Unless Trav is a master farmer and a medical professional, he probably needs a book each on agriculture and medicine. Even if he has expertise in one of these fields, they seem too important to go galivanting hundreds of thousands of years into the future a-civilizing without some reference books. That leaves government to leave behind. Assuming Trav is not an absolute dolt, he ought to be able to help the Eloi set up and understand some basic governing principles on his own: Decide on the rules. Decide how to and who does enforce the rules. Decide how to decide who decides on the rules and how to enforce them. Any kid who ever had a tree-house could do it. (It's not as if the Eloi have the population, weaponry, or know-how to destroy themselves and everything around them if they mess it up. Yet.) And if things get too out of hand, Trav can always name himself Interim Grande Poobah of the Rules I Just Made Up until he thinks the Eloi have matured enough to handle it on their own. (You sure you wouldn't rather stay home with a cozy fire and a cuppa, Trav?)
|A cozy cuppa.|
Trav's three books, therefore, are a book on agriculture, a book on medicine, and a book of art.
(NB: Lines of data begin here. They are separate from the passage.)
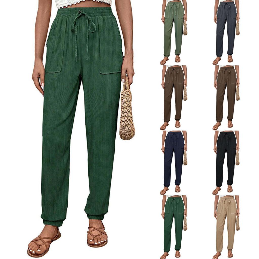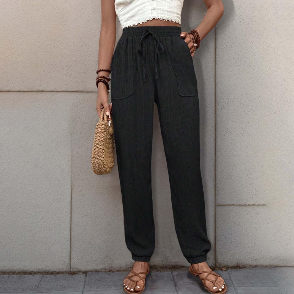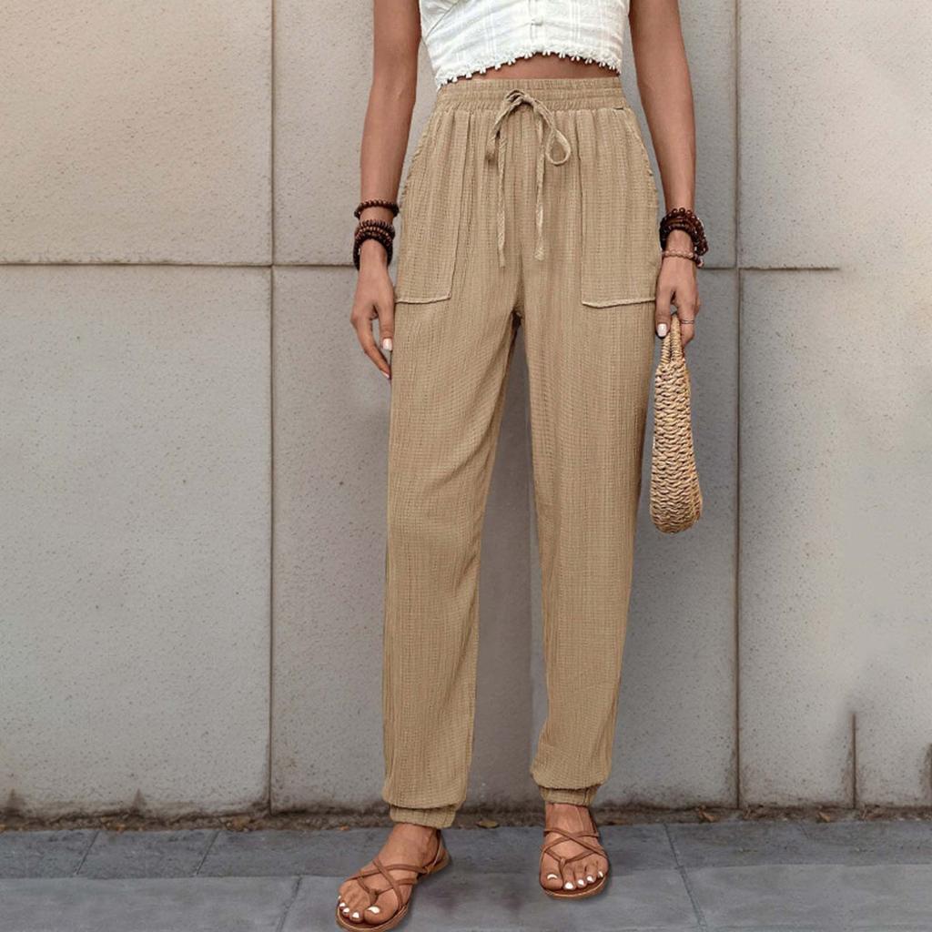 Женские повседневные брюки однотонные с эластичным поясом и завязками на шнурке, брюки с карманами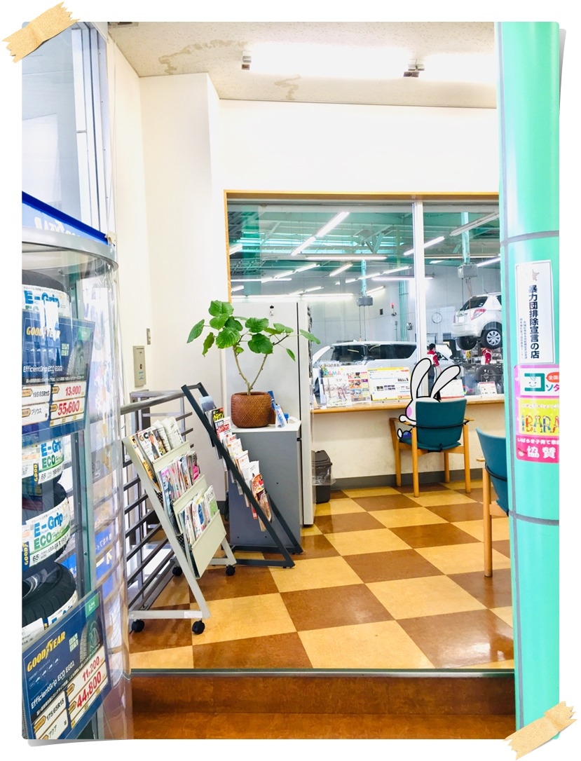 うさたろう、今日はサービスの待合室でのんびりしてみようと思います☆では、下の写真をご覧ください☆自動ドアを入るとすぐにサービスの待合室があるのですっ♪雑誌は何を読もうかな?新聞でも読んじゃおうかな?フフフ☆
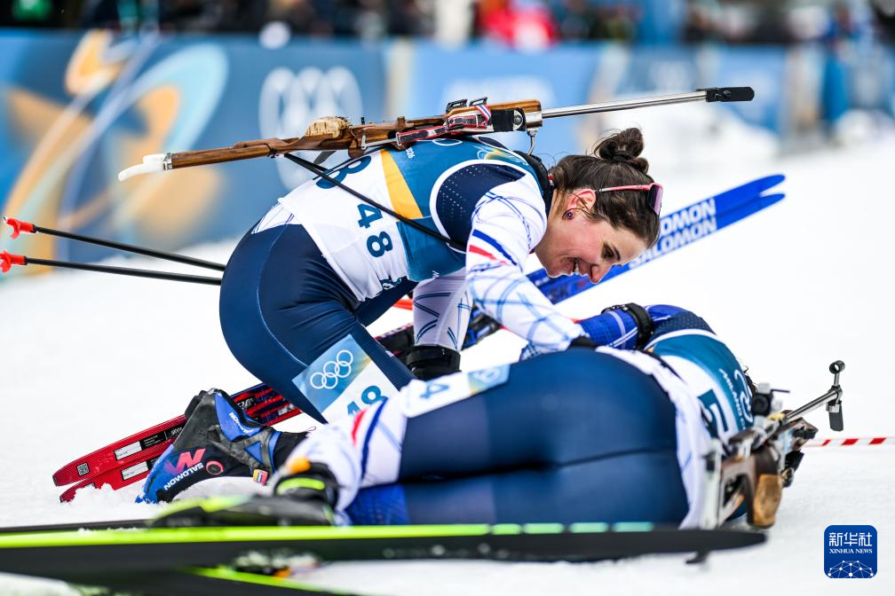 2月11日,法国选手西蒙(下)在比赛中冲线后与教练庆祝。她获得冠军。
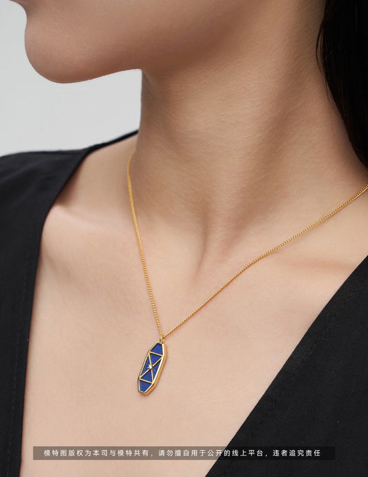 天然青金石镶嵌中古系列 纯银项链(证书没有附赠)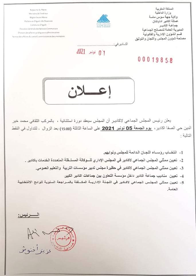 ووجه أخنوش دعوة لأعضاء مجلس الجماعة لعقد دورة استثنائية لشهر نونبر 2021 بناء على إرسالية والي جهة سوس ماسة، عامل عمالة أكادير إداوتنان أحمد حجي.
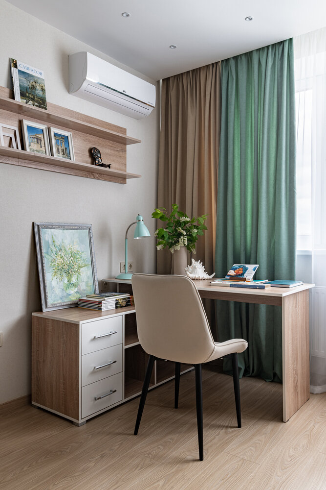 Базовый интерьер двушки 67 м² с цветными акцентамиДизайн
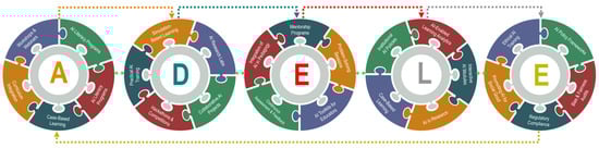 Empirical ADELE data-driven technique. Explanation of the Arrows: Orange Arrows: Represent transitions focused on curriculum and instructional development, particularly from Awareness to Development; Teal Arrows: Depict pathways for research and collaborative integration, guiding progress from Development to Efficacy and beyond; Red Arrows: Highlight advanced AI engagement and mentorship processes, reflecting deeper implementation from Efficacy to Learning; Grey Arrows: Indicate institutional and policy-level progression toward Enforcement, ensuring scalability and compliance; Yellow Arrows: Complete the cycle by reinforcing feedback loops from Enforcement back to Awareness, thereby fostering continuous improvement and sustainability.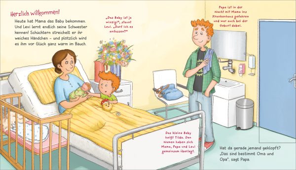 Endlich ist es soweit! Das lange Warten hat ein Ende und das neue Familienmitglied ist da! Jetzt sind sie zu viert - und Levi ist ein sehr stolzer großer Bruder! Das Baby muss gefüttert und gewickelt werden, und Levi kann helfen: Die stinkende Windel wirft er in den Müll. Und wenn das Baby weint, zieht er die Spieluhr auf. Als großer Bruder hat er viele tolle Aufgaben. Eine warmherzige Geschichte mit witzigen Illustrationen. Ein einfühlsames Vorlesebuch mit Klappen, die Spaß machen - für Kinder ab 2 Jahren.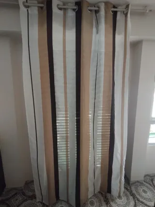 Nuevo a estrenar. Cortina separada la tela de los ollaos de la cortina, se une por velcro, por la tanto la altura se puede regular. Ancho 140, altura máxima 255 cm. Tela translúcida en marrón. Marca Destiny. Tengo disponible otro unidad en marrón y otra en blanco.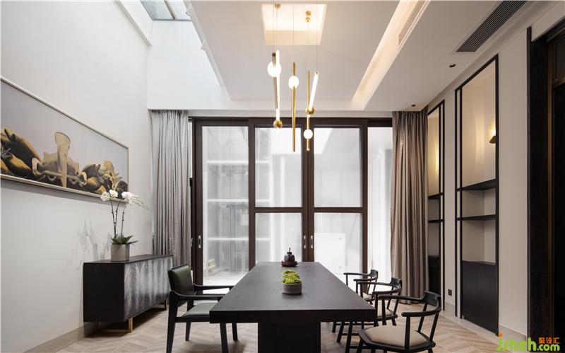 兼具了茶室與娛樂(lè)功能的書房空間,可理解為男主人緊張工作與放松娛樂(lè)接待好友的專屬天地,設(shè)計(jì)師在此空間中營(yíng)造了相對(duì)較濃的中式氛圍,并在茶室上方設(shè)計(jì)有透光井,直透一層花園,讓空間得到了延伸,并打破了地下一層的封閉感,在工作與娛樂(lè)之余安靜地品茶細(xì)思,抬頭便是那片夜空或藍(lán)天。書房門口則是一個(gè)直通地面的中空小花園,陽(yáng)光可直達(dá)花園及室內(nèi),讓原本顯得雞肋的地下空間充滿生氣。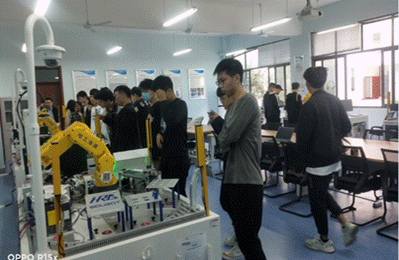 随后同学们参观了分院的工业机器人实训中心,对工业机器人表现出极大的热情,很多同学向老师咨询如何学好工业机器人专业,就业前景如何等问题,顾三鸿均进行了详尽的解答。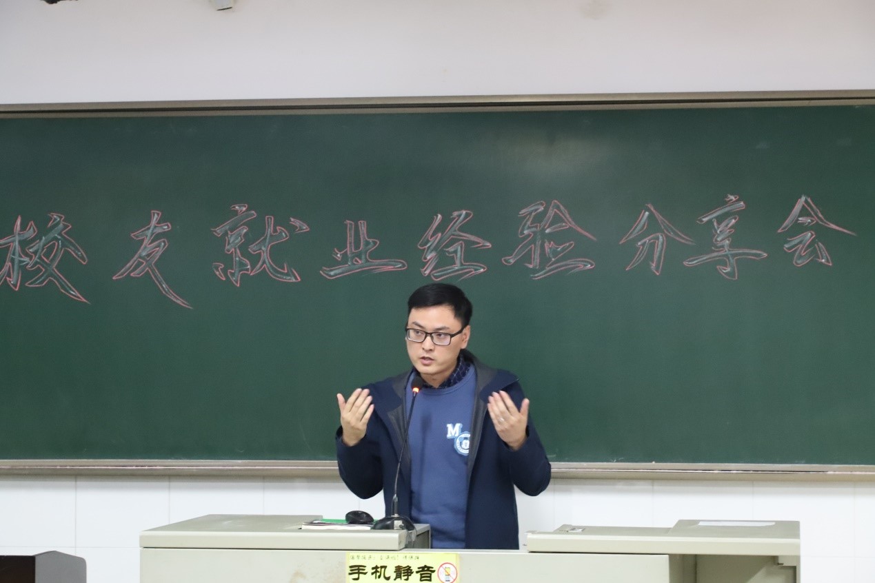 张东鑫学长以三个小故事的形式,鼓励大家放开眼界、扩展见识,在更广的就业机会中做出更好的选择。

But, still, which three books? I won't limit myself to books available to George in 1900, as doing so wouldn't get at the question of what I would take (and I think it likely that 1900 would have offered up similar books to George). My three books would be (drum-roll?) The Riverside Shakespeare, The AMA Family Medical Guide, and The Homesteading Handbook. If I can take only one book to represent art, a Shakespeare collection seems a good bet--perhaps it doesn't have everything, but it's got damn near. Tragedy, comedy, drama, poetry, betrayal, love, loss, horror, elation. Bonus: it's good to read aloud. You can't, simply cannot, pick one book that makes up for leaving all the others behind, but the oeuvre of Billy Shakes is about as good a salve for that wound as there is. The Family Medical Guide and The Homesteading Handbook, taken together, will offer some practical advice on small-scale farming; child-birth; herbal medicine; emergency first aid for bleeding, broken bones, fever. They will also provide a lot of information that will be useless in a place with no electricity, hospitals, or modern equipment, but that's a-civilizing for ya. The movie's end makes George's springing off to save humanity from its apathetic self a heroic gesture, one which looks pretty in a Victorian sitting room as night and snow begin to fall. But bringing up the Eloi will be a back-breaking, desperate, wrenching task, full of screams and dirt and death and blood, but these books might, might, help Trav avoid a few tragic mistakes.
My real answer to "which three books?" is probably "None." If I'm honest, I probably wouldn't go back to help the Eloi. That's why The Time Machine didn't much inspire childish games for me, why I never got around to really answering the question. Because answering "which three books?" feels a lot less twinkly than asking it. It's a philosophical question, and the only possible answer is desperately practical. George wasn't going on an adventure. He was going to try to snatch humanity from the clutches of a doom of its own making. Bless you, George, for trying. David knew. He knew what George was in for, knew how unlikely he was to succeed (despite his twinkling). Which three books will save us? That's what he was asking. Only, which three books?